I asked 312 people how many times they visited their preferred local supermarket in a month

The results are as follows:

  • 5% did not visit at all
  • 7% visited once a month
  • 33% visited twice a month
  • 22% visited three times a month
  • 15% visited four times a month
  • 18% visited five and more times a month

In the absence of the actual number of visits (I only have percentage of patrons as above), how do you calculate the mean and standard deviation for reporting purposes.

Jeromy Anglim
  • 44,984
Adhesh Josh
  • 3,255
  • 2
    Do you have any domain specific knowledge about how the "five and more times" category would be distributed across counts of 5, 6, 7, etc.? – Jeromy Anglim Oct 19 '11 at 06:54
  • @JeromyAnglim Not really (sorry!). It is all lumped together in this big category. Is there a way out of this predicament? – Adhesh Josh Oct 19 '11 at 12:16

2 Answers2

4

You need to be creative, because these data are consistent with any mean exceeding $0\times .05 + 1\times .07 + \cdots + 5\times .18$ = $2.89$ and any standard deviation exceeding $1.38$ (which are attained by assuming nobody visited any more than five times per month).

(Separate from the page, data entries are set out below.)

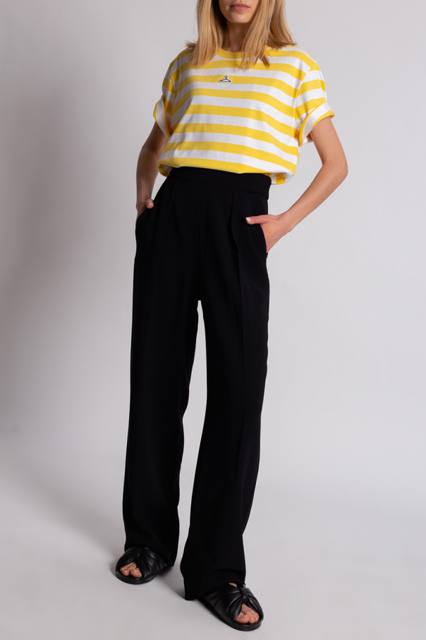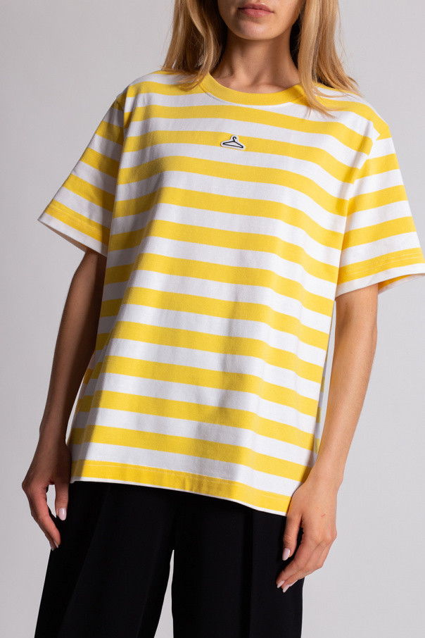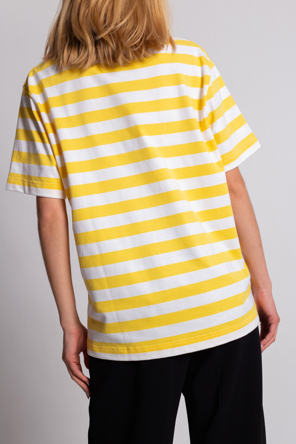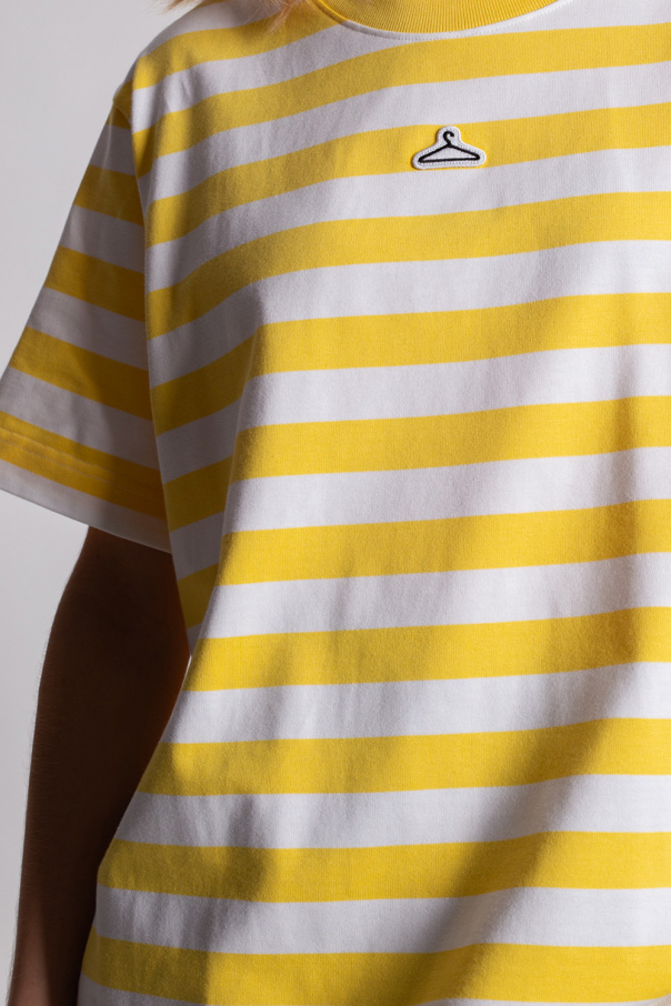 White and yellow crewneck T-shirt from Holzweiler. Crafted from organic cotton with all-over stripes, this style features short sleeves, rib detailing on the collar and a black and white logo patch.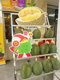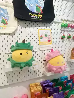 • Inside the shop you can enjoy fresh durian, desserts, drinks, snacks, plus durian-themed merchandise and claw machines, great for photos! ()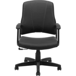 This Global bonded black executive chair features a modern design that stands out as professional, attractive and sleek. Its soft bonded leather upholstery is comfortable against the skin and durable enough to last. This Global luxhide high-back executi ve chair is features adjustable seat height and tilt tension for all-day comfort.

For reporting purposes, simply tabulate or graph the raw data:

Bar chart

If you must have a summary of location and spread, use alternative measures that can uniquely be found from these data. The median is between 2 and 3, because 45% visited 2 times or fewer and 67% visited 3 times or fewer. You might simply interpolate linearly and report a median of 2.3 visits per month. For the spread, use (say) an interquartile range, also computed with linear interpolation. I find Q1 is 1.4 and Q3 is 3.3, for an IQR of 1.9.

To go beyond that, you need to fit the data with a distribution, which requires assumptions and therefore is not just reporting. But it can be useful. However, these data are elusive: they will not fit standard models like Binomial or Poisson. (I recommend against trying to fit discretized versions of continuous distributions, such as Lognormal, because it's hard to find any reason why they should fit: they don't form informative bases for comparison. Moreover, since there are only six values here, it would be almost worthless to use more than one parameter in the modeling: two or more parameters give too much flexibility.)

As an example of the insight that might be afforded by a simple distributional fit, suppose the visits are made randomly over time by individuals and each individual has the same probability (per unit time) of visiting. This is potentially a useful and interesting framework against which these data can be compared. It leads to a Poisson distribution. The best fit (in a chi-squared sense) is achieved with an intensity of 3.185 per month; this also is the variance (whence the standard deviation is $\sqrt{3.185}$ = $1.8$).

Data and Poisson fit

This is not a good fit (as a chi-squared test will show, but the eye plainly sees): there are too many people reporting 2 visits and too few reporting 1 visit. That perhaps is the most interesting thing about this analysis. You could announce these results like this:

The median number of monthly visits among the respondents is 2.3 (with an IQR of 1.9). The data depart significantly from a (best fit) Poisson distribution with a mean of 3.18 visits per month in that 19 fewer people than expected report one visit and 37 more people than expected report two visits.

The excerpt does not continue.